There are many antenatal tests that you will take during your pregnancy, some are routine, and some can be 'extra' to ease concerns or provide more information if you are a higher risk.

Ultrasound Scans

The first scan that you have is between 10 – 13 weeks at your booking appointment, to check that the dates of the pregnancy correspond with the baby’s size.

You then have a scan at 20 weeks, to check for physical defects and spina bifida. They will see that the baby’s head, body and organs are alright. It is also to look at the position of the placenta and the amount of fluid around the baby. You are asked to have a full bladder for ultrasound scans, then they put cold gel on your tummy – brace yourself!

Blood Tests

At around 16 weeks you will also be given some blood tests. These are to test for:

  • What blood group you are and whether you are rhesus (Rh) positive or Rh negative.
  • Anaemia
  • Hepatitis B, HIV and syphilis
  • If you are immune to german measles (rubella)

You may be offered a blood test at 11+ weeks called Alpha-Fetoprotein Test, to see how high a risk you have of having a baby with Down’s syndrome or spina bifida. Some hospitals offer nuchal fold scan instead (see below).

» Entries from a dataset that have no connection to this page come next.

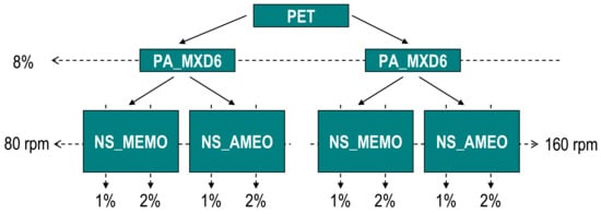 The next step is to produce sepiolite nanocomposites, introducing the masters done previously into an extruder, using PET as matrix. The materials were dried prior to introducing them into the extruder. The PA_nS master drying conditions were 24 h at 80 °C, and 8 h at 120 °C for the PET. The reason for using two different drying conditions is due to the nucleating effect of sepiolite in the PA and PET matrixes, which alters their crystallization behavior [15,20]. The final composition of the materials is 91% PET, 8% PA, and 1% nS, or 90% PET, 8% PA, and 2% nS. In the figure below (Figure 1), it shows scheme with the materials produced. The percentages of sepiolite are theoretical because the extruder used did not have a special powder dosing system, so it will be seen in the results the exact amount of sepiolite in each sample. Besides these samples, a control one was produced without nanosepiolite, just using PET with 8% of PA_MXD6 (PET/8PA_MXD6).
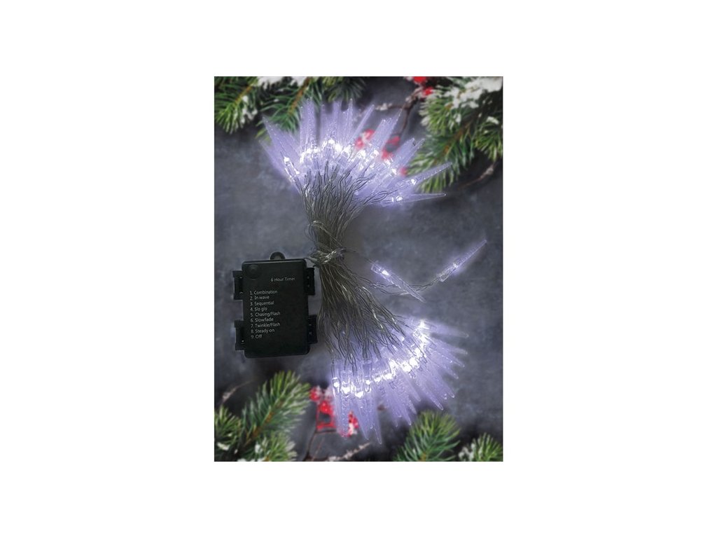 Solight LED venkovní rampouchy, 50LED, časovač, 8 funkcí, IP44, 3xAA baterie
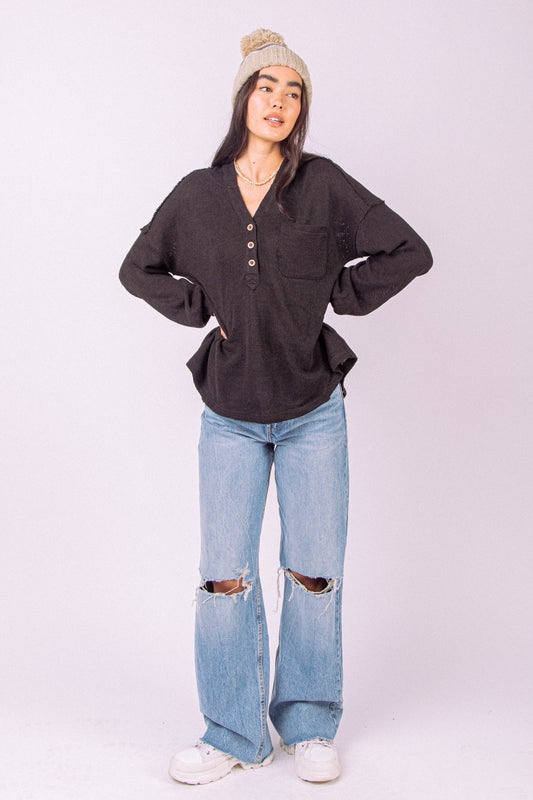 Button Down Hooded Knit Henley Top- Black
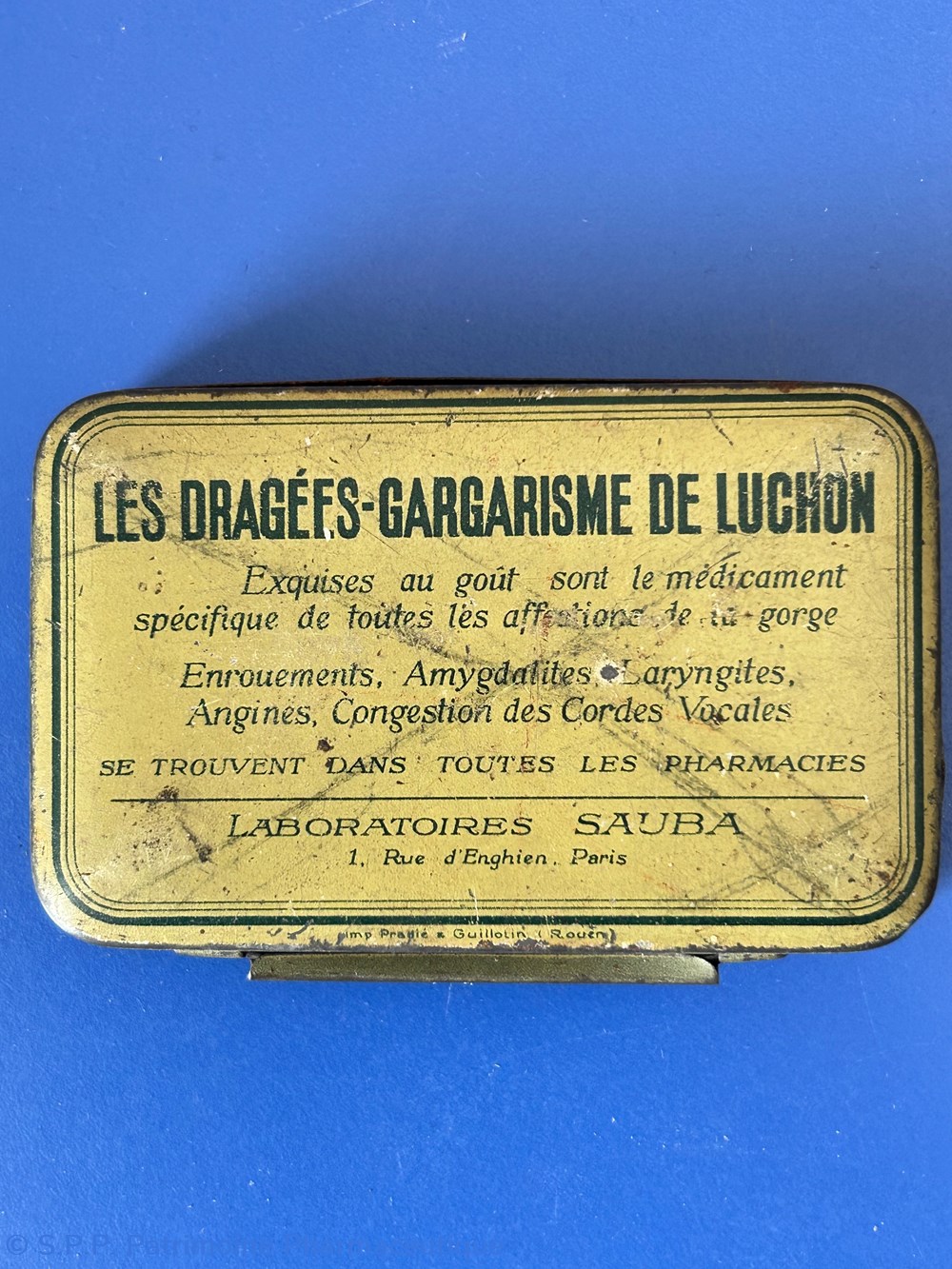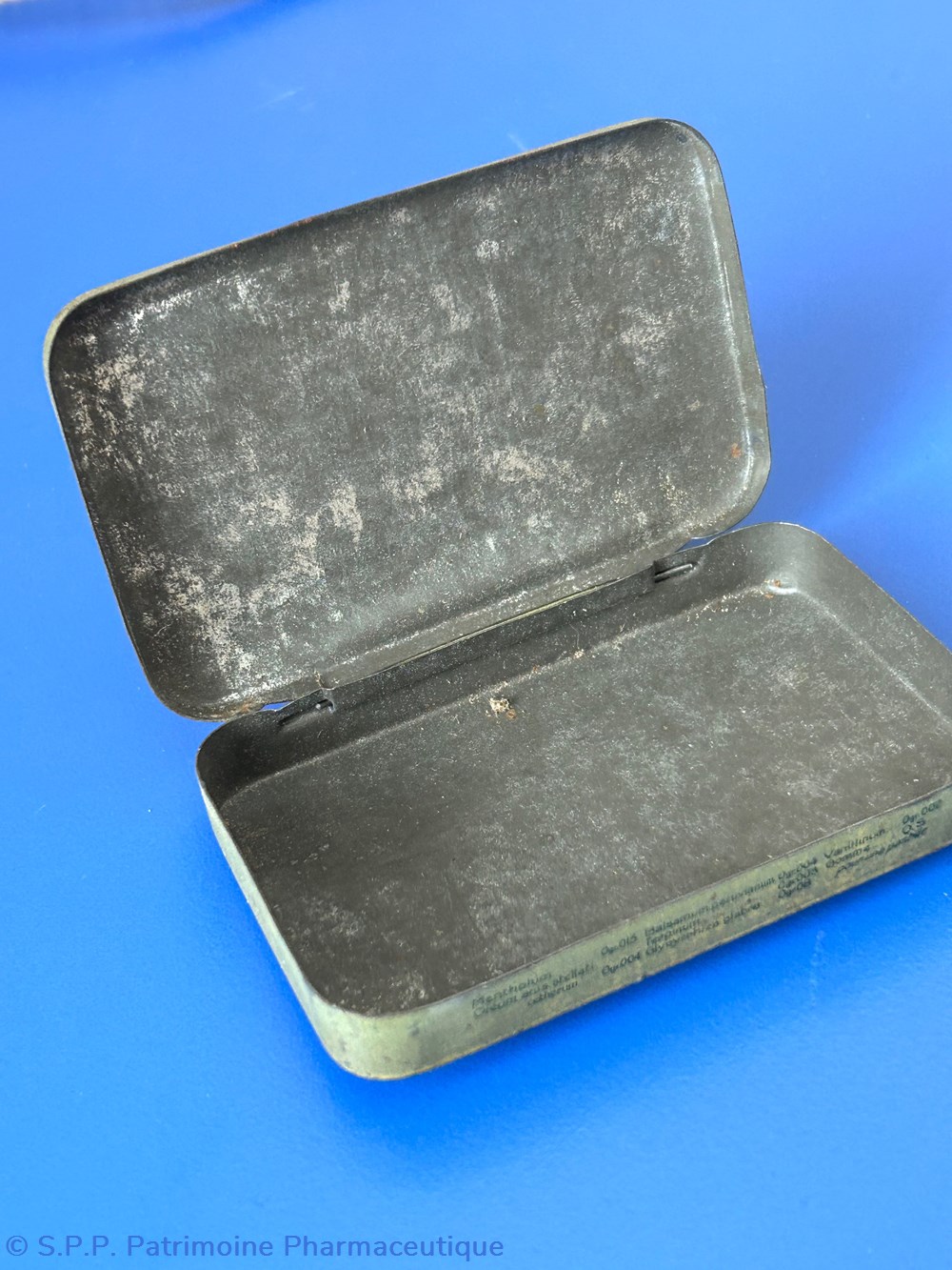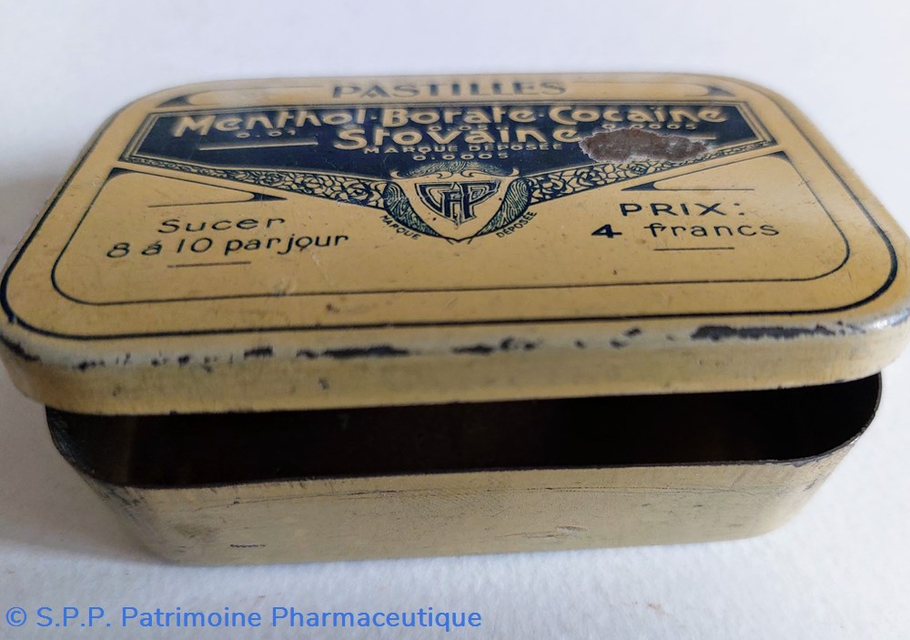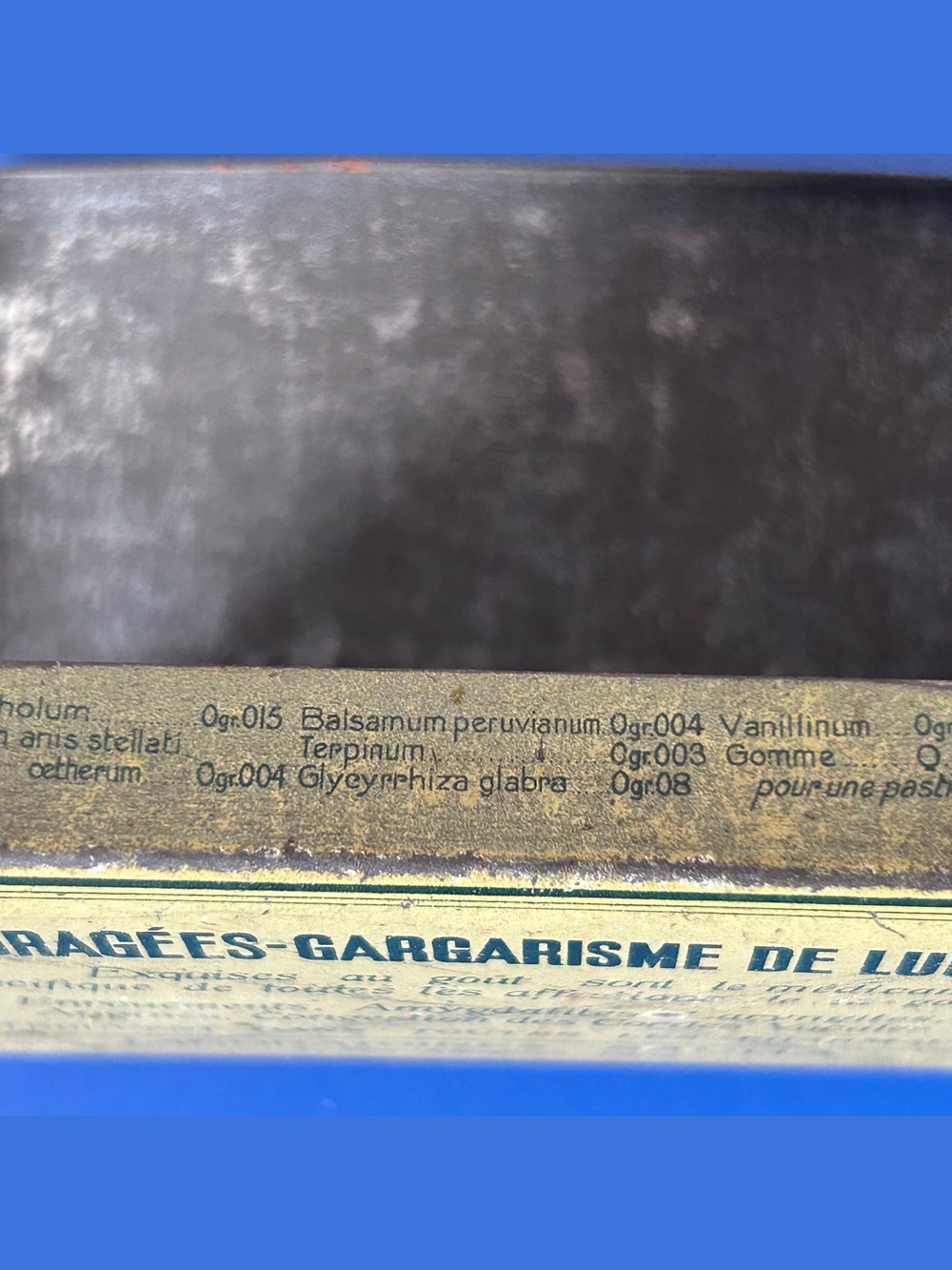 Boîte métallique vide 85 *5,5 cm épaisseur 2 cm ayant contenu des PASTILLES MENTHOL BORATE COCAÏNE STOVAINE

Or the Bart’s triple test at 16 weeks looks at the blood chemical levels to assess the risk of Down’s syndrome or spina bifida.

Nuchal Fold Scan

An ultrasound carried out at 11 – 14 weeks. It measures the fluid at the back of the baby’s neck. It tests for Down’s syndrome and is usually offered instead of blood tests as it gives more accurate results. If there is thought to be a substantial risk, then an amniocentesis is offered.

Amniocentesis

Usually offered at 15 – 19 weeks of pregnancy. A fine needle is used to drain a small amount of fluid from around the baby. This fluid is then tested for genetic disorders, Down’s syndrome and cystic fibrosis. It carries a small risk of miscarriage. Therefore it is usually offered to mothers who are classed as being higher risk, such as the over 35’s or have tests indicating that this may be the case.

Chorionic Villus Sampling (CVS)

Chorionic Villus Sampling is where a sample of the chorionic villi, which are found on the placenta, is taken. The test can be carried out at 10 – 12 weeks and results can be obtained quicker than with amniocentesis. It is used to test for Down’s syndrome and other chromosomal disorders but not neural tube disorders. It carries a small risk of miscarriage, about 1 -2%.

Urine

Tested regularly to check for protein being present. This can be a sign of pre-eclampsia which can be dangerous to both mum and baby.

Cordiocentesis

A test where blood is extracted from the umbilical cord to diagnose birth defects. It is offered to those thought to be at a higher risk.